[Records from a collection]
..........

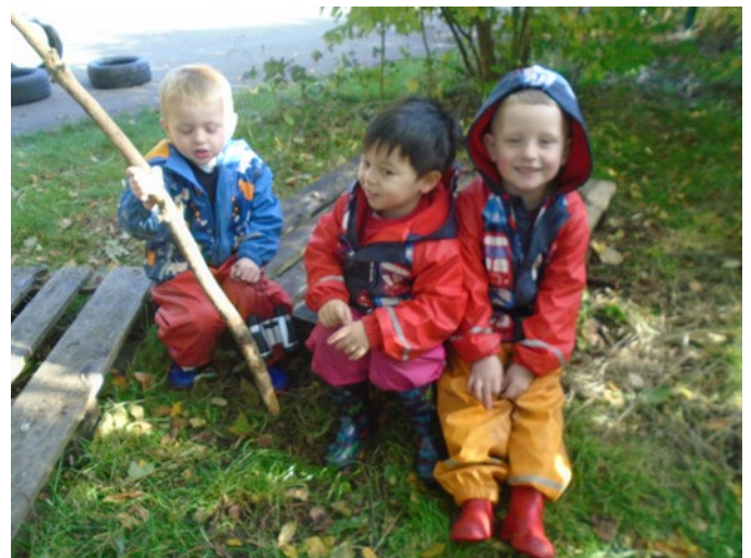
"Who's going to make the BBQ to cook the fish we caught?"
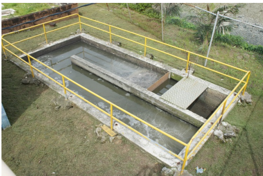
Figure 43. Chlorine contact chamber (not in operation).
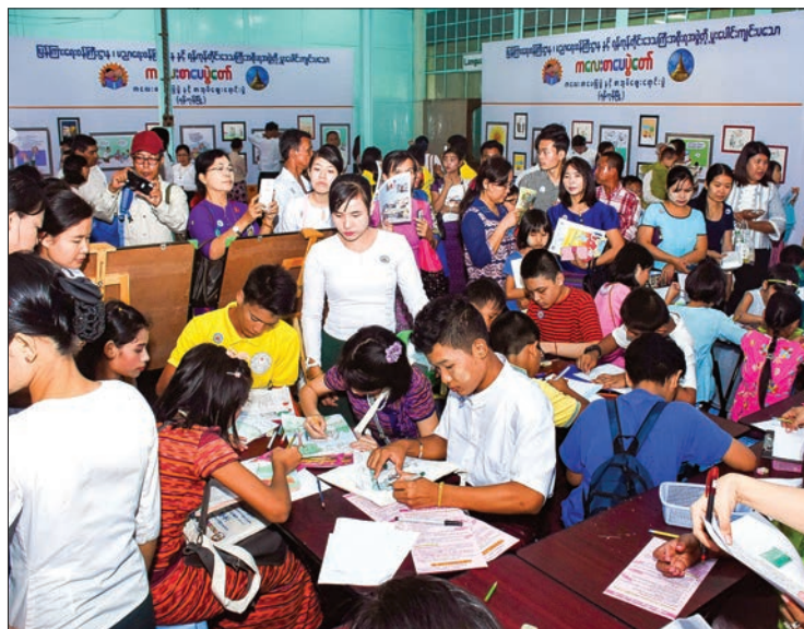
Children and youths compete in a drawing and colouring competition.
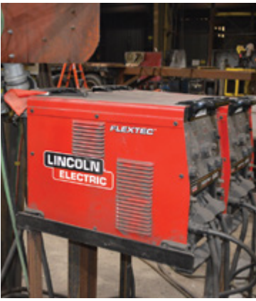
Flextec 500 Welder
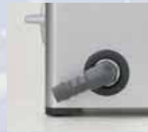
Positioned drain duct
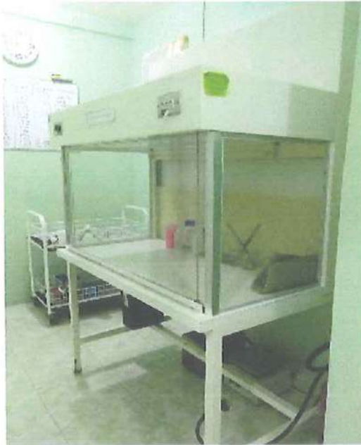
Laminar Flow Hood
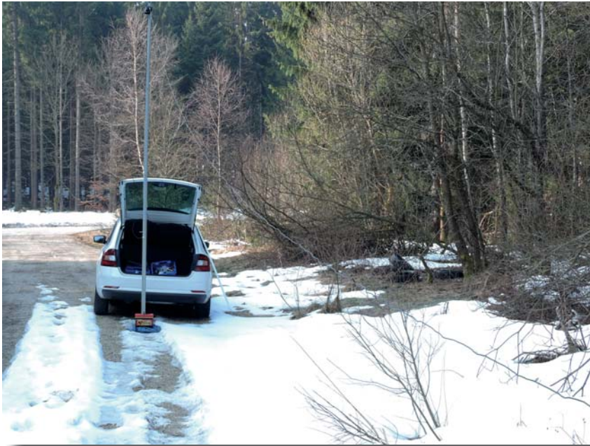
„cool“ shack for 2 hours

Nature Reserve Naturwaldreservat Fichtelseemoor
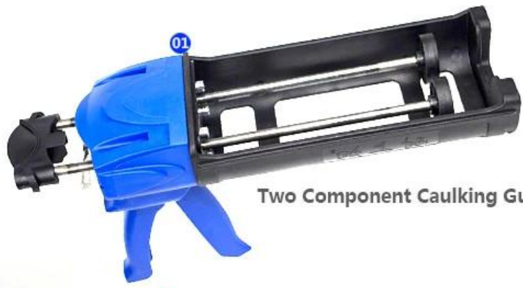
Two Component Caulking Gun
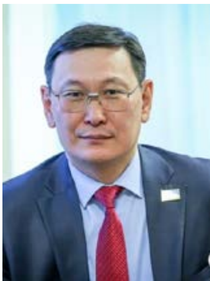
Vladimir Egorov Minister of Education and Science of the Republic of Sakha (Yakutia)
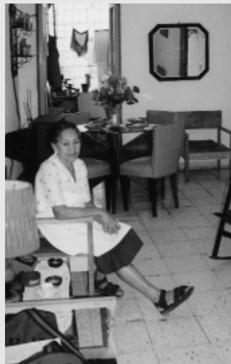
Renovated housing on the Plaza Vieja in the building shared with OHC offices.
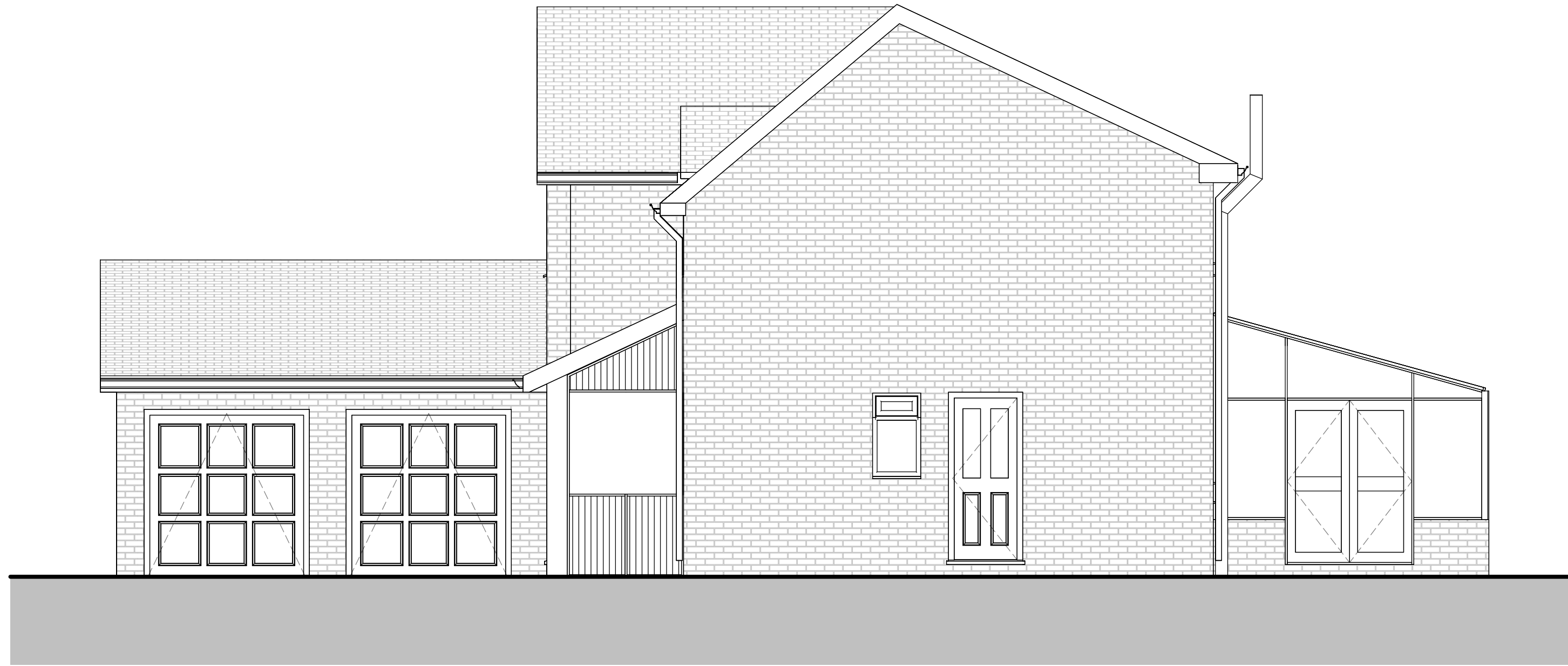
Existing gable elevation 02
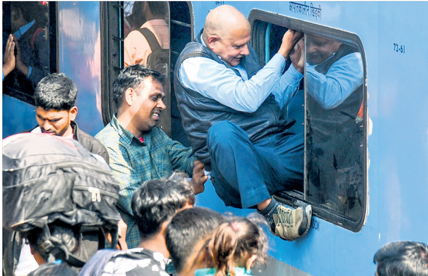
SHORT CUT: A passenger tries to board an overcrowded train through its emergency window at Patna railway station, Monday, as several trains were cancelled amid rush ahead of the holy dip on 'Maha Shivratri' at the ongoing Prayagraj Mahakumbh

Tough times for the airline! The minister has come prepared - with his own seat
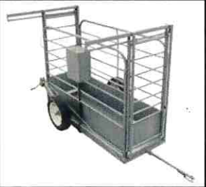
Individual Animal Scales
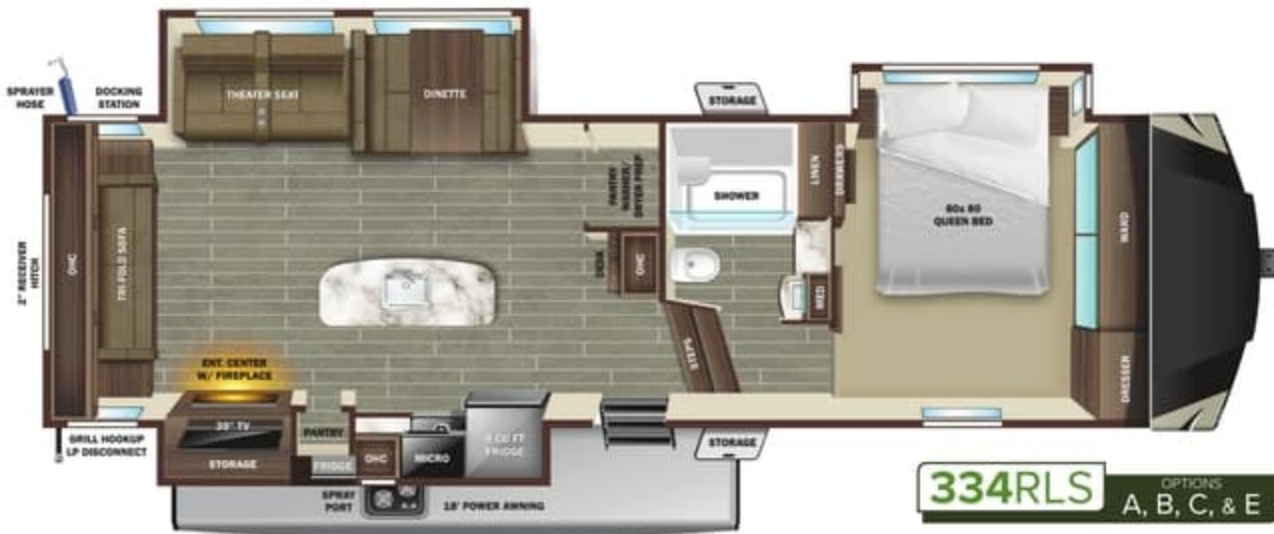
334RLS OPTIONS A, B, C, & E

..........

TASK OBJECTIVE –
Search the data above and return each line in which "with" occurs.

PROBLEM SOLUTION –
Renovated housing on the Plaza Vieja in the building shared with OHC offices.
Tough times for the airline! The minister has come prepared - with his own seat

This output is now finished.